━━━ Information shown
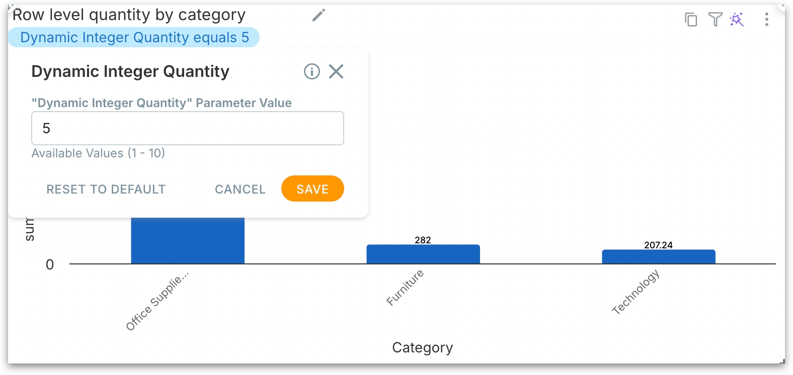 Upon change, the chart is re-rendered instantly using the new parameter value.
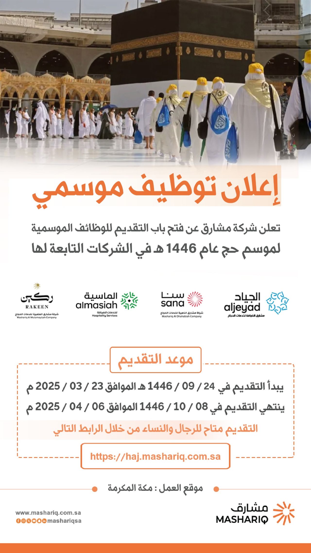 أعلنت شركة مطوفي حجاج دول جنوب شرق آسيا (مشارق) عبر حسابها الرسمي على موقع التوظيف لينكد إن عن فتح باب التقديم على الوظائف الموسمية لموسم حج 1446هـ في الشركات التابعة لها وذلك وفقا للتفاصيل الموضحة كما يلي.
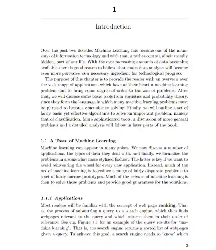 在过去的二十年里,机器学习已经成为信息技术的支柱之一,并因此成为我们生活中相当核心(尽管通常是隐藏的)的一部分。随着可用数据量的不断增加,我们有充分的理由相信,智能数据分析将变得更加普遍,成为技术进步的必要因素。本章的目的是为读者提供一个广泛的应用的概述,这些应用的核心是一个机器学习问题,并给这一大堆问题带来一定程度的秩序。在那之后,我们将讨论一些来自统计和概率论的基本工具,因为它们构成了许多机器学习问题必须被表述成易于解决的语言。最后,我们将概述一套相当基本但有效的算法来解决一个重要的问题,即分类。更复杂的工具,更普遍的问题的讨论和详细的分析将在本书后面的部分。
━━━━━━
Required work: With the pictures removed, return the listing above in its exact original wording.

Written solution:
 Upon change, the chart is re-rendered instantly using the new parameter value.
 أعلنت شركة مطوفي حجاج دول جنوب شرق آسيا (مشارق) عبر حسابها الرسمي على موقع التوظيف لينكد إن عن فتح باب التقديم على الوظائف الموسمية لموسم حج 1446هـ في الشركات التابعة لها وذلك وفقا للتفاصيل الموضحة كما يلي.
 在过去的二十年里,机器学习已经成为信息技术的支柱之一,并因此成为我们生活中相当核心(尽管通常是隐藏的)的一部分。随着可用数据量的不断增加,我们有充分的理由相信,智能数据分析将变得更加普遍,成为技术进步的必要因素。本章的目的是为读者提供一个广泛的应用的概述,这些应用的核心是一个机器学习问题,并给这一大堆问题带来一定程度的秩序。在那之后,我们将讨论一些来自统计和概率论的基本工具,因为它们构成了许多机器学习问题必须被表述成易于解决的语言。最后,我们将概述一套相当基本但有效的算法来解决一个重要的问题,即分类。更复杂的工具,更普遍的问题的讨论和详细的分析将在本书后面的部分。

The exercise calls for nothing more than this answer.